* Your objective
Using the records below, transcribe word for word the stretch from the line that contains "Ресторан Эллас Д." through the line that contains "2025-04-03 09:50北京时间", both end lines included, and nothing else.

* The data
=-=-=

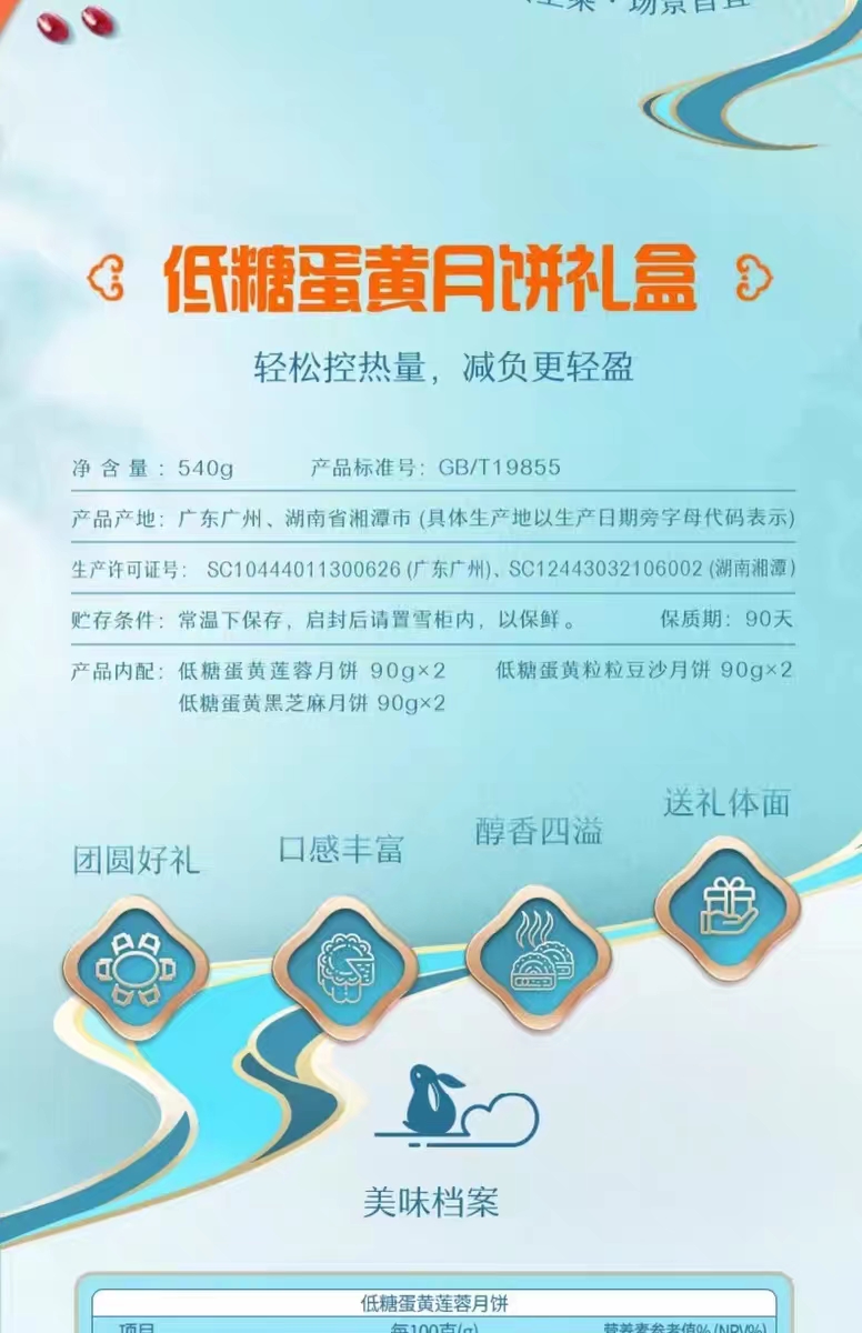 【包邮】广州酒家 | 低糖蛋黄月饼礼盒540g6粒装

=-=-=

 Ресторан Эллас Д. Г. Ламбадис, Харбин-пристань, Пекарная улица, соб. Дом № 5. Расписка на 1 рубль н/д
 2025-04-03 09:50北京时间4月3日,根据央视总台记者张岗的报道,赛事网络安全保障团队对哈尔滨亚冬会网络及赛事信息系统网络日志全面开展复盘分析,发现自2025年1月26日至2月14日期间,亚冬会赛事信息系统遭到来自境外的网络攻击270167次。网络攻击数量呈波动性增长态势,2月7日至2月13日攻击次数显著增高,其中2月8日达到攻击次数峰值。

=-=-=

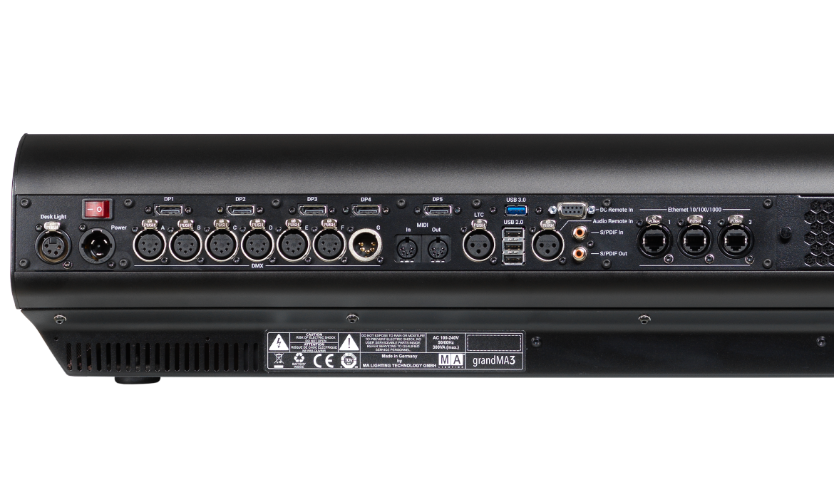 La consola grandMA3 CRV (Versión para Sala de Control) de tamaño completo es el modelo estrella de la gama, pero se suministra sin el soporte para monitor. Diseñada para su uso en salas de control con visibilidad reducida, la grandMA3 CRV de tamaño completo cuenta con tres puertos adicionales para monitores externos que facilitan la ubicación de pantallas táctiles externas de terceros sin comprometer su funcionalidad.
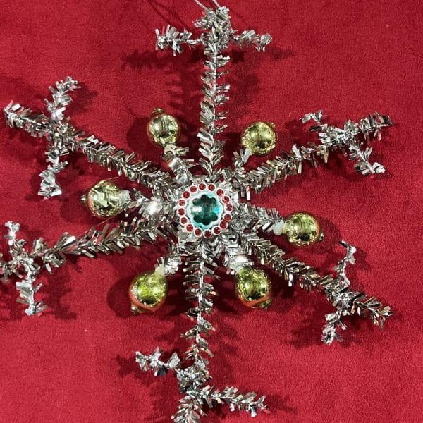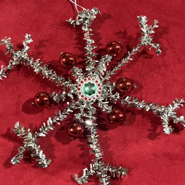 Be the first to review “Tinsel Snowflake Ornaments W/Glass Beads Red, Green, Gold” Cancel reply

=-=-=

* Task output
 Ресторан Эллас Д. Г. Ламбадис, Харбин-пристань, Пекарная улица, соб. Дом № 5. Расписка на 1 рубль н/д
 2025-04-03 09:50北京时间4月3日,根据央视总台记者张岗的报道,赛事网络安全保障团队对哈尔滨亚冬会网络及赛事信息系统网络日志全面开展复盘分析,发现自2025年1月26日至2月14日期间,亚冬会赛事信息系统遭到来自境外的网络攻击270167次。网络攻击数量呈波动性增长态势,2月7日至2月13日攻击次数显著增高,其中2月8日达到攻击次数峰值。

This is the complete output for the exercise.